Pengusaha Tambang di Cirebon Bantah Ilegal, Sebut Forkopimda Terlalu Terburu-buru

pengusaha tambang cirebon bantah ilegal
Pengelola tambang CV Bukit Aden, Blok Curug Dengkak, Desa Cinapas, membantah jika aktivitas Galian C yang digarap adalah ilegal. Foto: samsul huda-radar cirebon.
0 Komentar

RADARCIREBON.ID- Pada Selasa lalu (17/6/2025), Forkopimda Kabupaten Cirebon sidak ke Galian C di Desa Cipanas, tepatnya di Blok Curug Dengkak.

Area tambang itu milik CV Bukit Aden. Langsung di-police line oleh Forkopimda. Kini, pihak CV Bukit Aden bereaksi. Menolak disebut ilegal.

Ya, pihak CV Bukit Aden pun angkat bicara. Seperti disampaikan Subhan. Ia membantah jika area tambang yang dikelolanya itu tidak berizin. Ia menegaskan usahanya mengantongi izin resmi.

Baca Juga:SPMB untuk SMP di Kabupaten Cirebon Dimulai 23 Juni 2025, Simak AturannyaDaftar Ulang SPMB SMA di Cirebon, Ortu Ikut Alur Saja

Pihaknya mengantongi Izin Usaha Pertambangan (IUP) Produksi. Persetujuan Penggunaan Kawasan Hutan (PPKH). Semua ada. “Ilegal dari mana? Semua legal. Bahkan izin yang dikeluarkan sejak 2022 itu masih berlaku sampai September 2025,” kata Subhan kepada Radar Cirebon, Minggu (22/6/2025).

Saat ini, kata Subhan, pengelola sedang mengurus perpanjangan izin. Prosesnya sedang berjalan di jalur yang resmi. Yakni jalur pemerintah. Sesuai prosedur yang berlaku. “Jadi tudingan ilegal sangat kami bantah,” tegasnya.

Subhan mengungkapkan, yang membuatnya geram bukan soal penyegelan. Tapi prosesnya yang dianggap janggal. Ia mengatakan Surat Teguran berupa SP1 baru diterbitkan 12 Juni 2025. Tapi lima hari kemudian, yakni 17 Juni 2025, sidak langsung dilakukan. Dan tambang disegel. “Aneh. Saat ini pun tidak ada aktivitas penambangan. Yang ada hanya alat berat memperbaiki jalan,” katanya.

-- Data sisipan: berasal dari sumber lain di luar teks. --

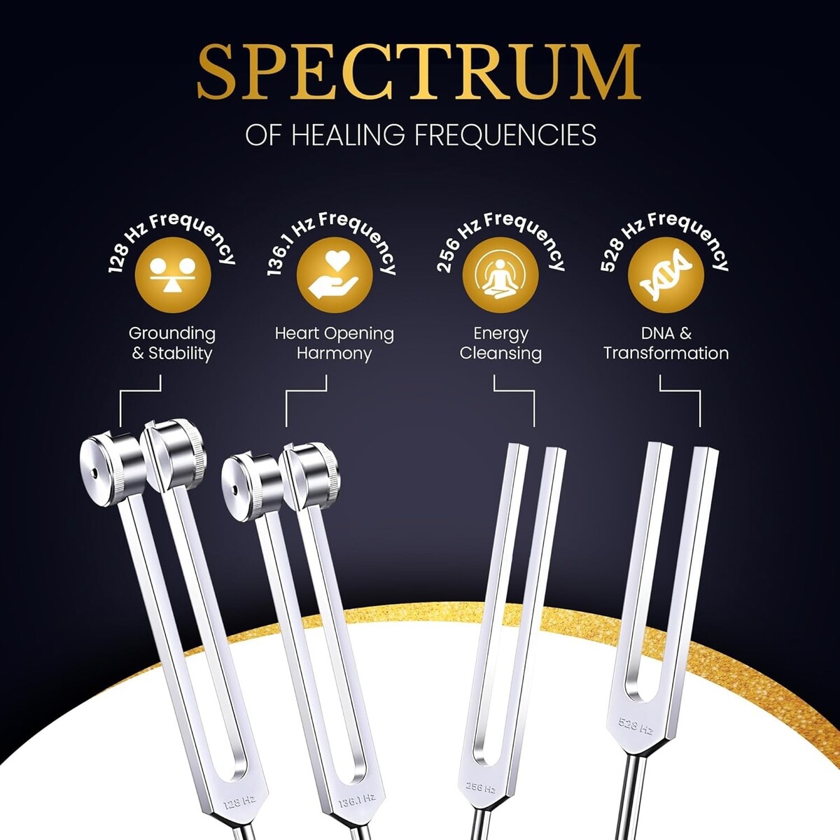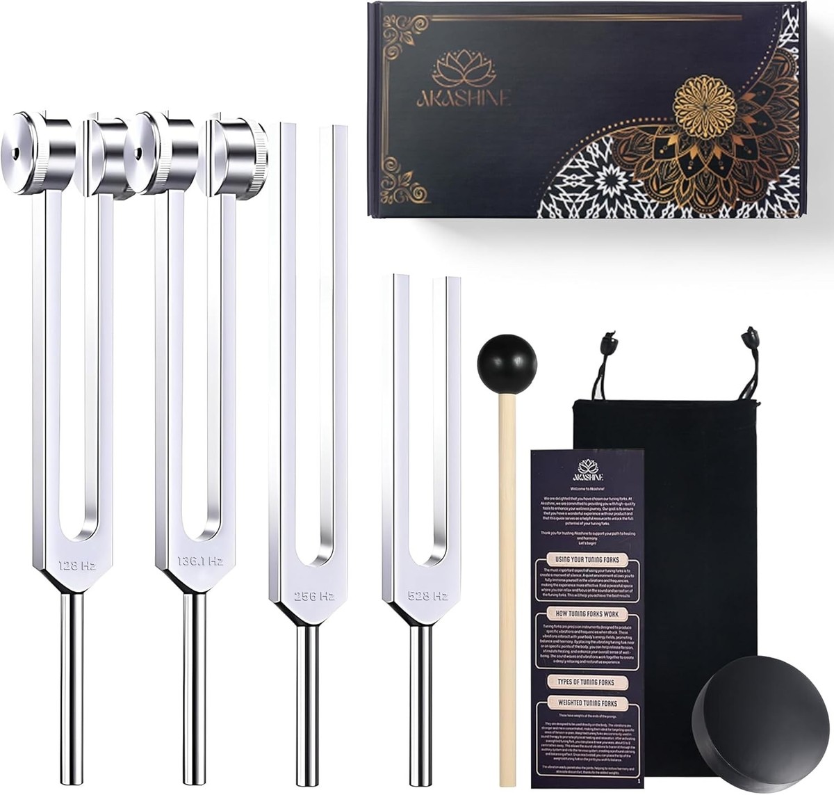 Tuning forks for healing and meditation: This professional tuning forks for healing set includes four precise frequencies ? 128Hz, 136.1Hz, 256Hz, and 528Hz ? carefully calibrated to enhance holistic well-being, chakra healing, sound therapy, and meditation. Each fork supports emotional harmony, physical relaxation, and energy balance, making it perfect for vibrational therapy, yoga, and stress relief.

Tapi, semua aktivitas, langsung dihentikan setelah SP1 diterima. “Sebagai warga negara yang baik, saya patuh terhadap hukumm. Faktanya, saat menerima SP1, langsung kami hentikan seluruh aktivitas. Tapi langkah Forkopimda yang langsung melakukan penyegelan rasanya terlalu terburu-buru. Tanpa pendalaman menyeluruh,” paparnya.

Masalah yang sesungguhnya, kata Subhan, justru ada di pusat. Yakni di Jakarta. Tepatnya di sistem digital milik Kementerian ESDM melalui OSMOSE. Sejak 25 April 2025 pihaknya sudah mengajukan RKAB (Rencana Kerja dan Anggaran Biaya) melalui sistem itu. Tapi hingga kini belum ada respons. Tidak ditolak. Tidak diterima. Menggantung.

“Kami ikut prosedur. Tapi sistem yang membuat kami terkatung-katung. Ini yang jadi dasar aktivitas kami dianggap belum boleh berjalan. Padahal, sudah hampir dua bulan, tapi tidak ada tanggapan,” terangnya.